One does not simply know what “The Edge” stands for.

The most straightforward definition of the edge, or network edge, is the point at which an enterprise-owned network connects to a third-party network. With cloud computing, lines are slightly blurred as we use third parties to provide us with servers and networks (even more when using a provider to front your network, like we do at Shopify).
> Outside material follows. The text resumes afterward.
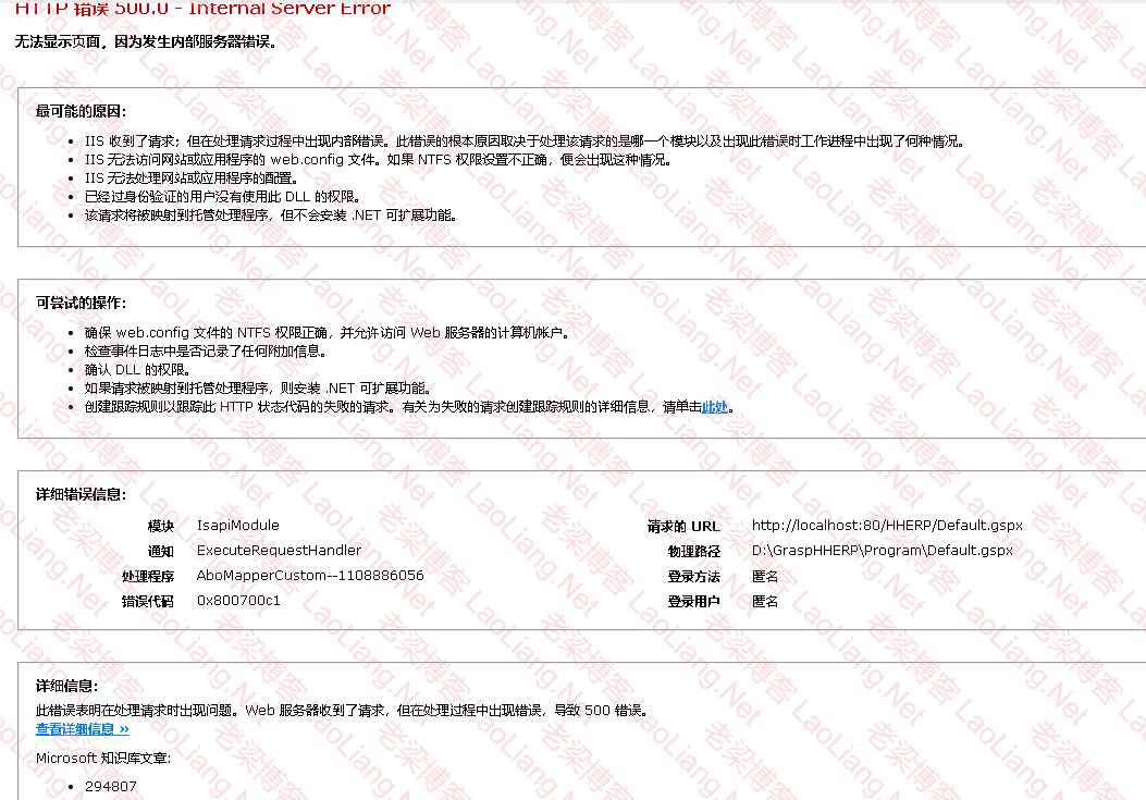 无法显示页面,因为发生内部服务器错误。最可能的原因:

But in both those cases, as long as they’re used and controlled by Shopify, they’re considered part of our network.

The edge of Shopify is where requests from outside our network are made to reach our network.

Unifying our edge became our next objective and two projects were born to make this possible: Möbius, which as the name taken from the “Möbius strip” suggests, was to be the one edge of Shopify and Shopify Front End (SFE), the routing layer that receives traffic from Möbius and dispatches it to where it needs to go.

A flow diagram showing Möbius’s traffic path that takes requests from the internet to the routing layer and then sends traffic to the application’s clusters for traffic to be served. Purple entities are on the traffic path for PII restricted traffic, while the beige ones are for the GenPop traffic.
Möbius’s traffic path takes requests from the internet to the routing layer and then sends traffic to the application’s clusters for traffic to be served. Purple entities are on the traffic path for PII restricted traffic, while the beige ones are for the GenPop traffic.

About a year before starting Möbius, we already had a small number of applications handled through our edge, but we saw limitations in terms of how to properly automate such an approach at scale, while the gains to the platform justified the monetary costs to reach those gains. We designed SFE and Möbius together, leading to a better separation of concerns between the edge and the routing layers.

The Shopify Front End

SFE is designed to provide a unified routing layer behind Möbius. Deployed in many different regions, routing clusters can receive any kind of web traffic from Möbius, whether for Shopify Core or Applications. Those clusters are mainly nginx deployments with custom Lua code to handle the routing according to a number of criteria, including but not limited to the IP address a client connected to and the domain that was used to reach Shopify. For the PII restricted requirements, parallel deployments of the same routing clusters code are deployed in the relevant regions.

To handle traffic for applications and services, SFE works by using a centralized API receiving requests from Kubernetes controllers deployed in every cluster using such applications and services. This allows linking the domain names declared by an application to the clusters where the application is deployed. We also use this to provide active/active (when two instances of a given service can receive requests at the same time) or active/passive (when only a single instance of a given service can receive requests) load balancing.

Providing load balancing at the routing layer instead of DNS allows for near instantaneous traffic changes instead of depending on the Time to Live as described in my previous post. It avoids those decisions being made on the client side and thus provides us with better command and control over the traffic.

Möbius

Möbius’s core concerns are simple: we grab the traffic from outside of Shopify and make sure it makes its way inside of Shopify in a stable, secure, and performant manner. Outside of Shopify is any client connecting to Shopify from outside a Shopify cluster. Inside of Shopify is, as far as Möbius is concerned, the routing cluster with the lowest latency to the receiving edge’s point-of-presence (PoP).

Möbius is responsible for TLS and TCP termination with the clients, and doing that termination as close as possible to the client. It brings faster requests and better DDoS protection, plus it allows us to filter malicious requests before the traffic even reaches our clusters. This is something that was already done for our GenPop Shopify Core traffic, but Möbius now standardizes. On top of handling the certificates for the shops, we added an automated path to handle certificates for applications domains.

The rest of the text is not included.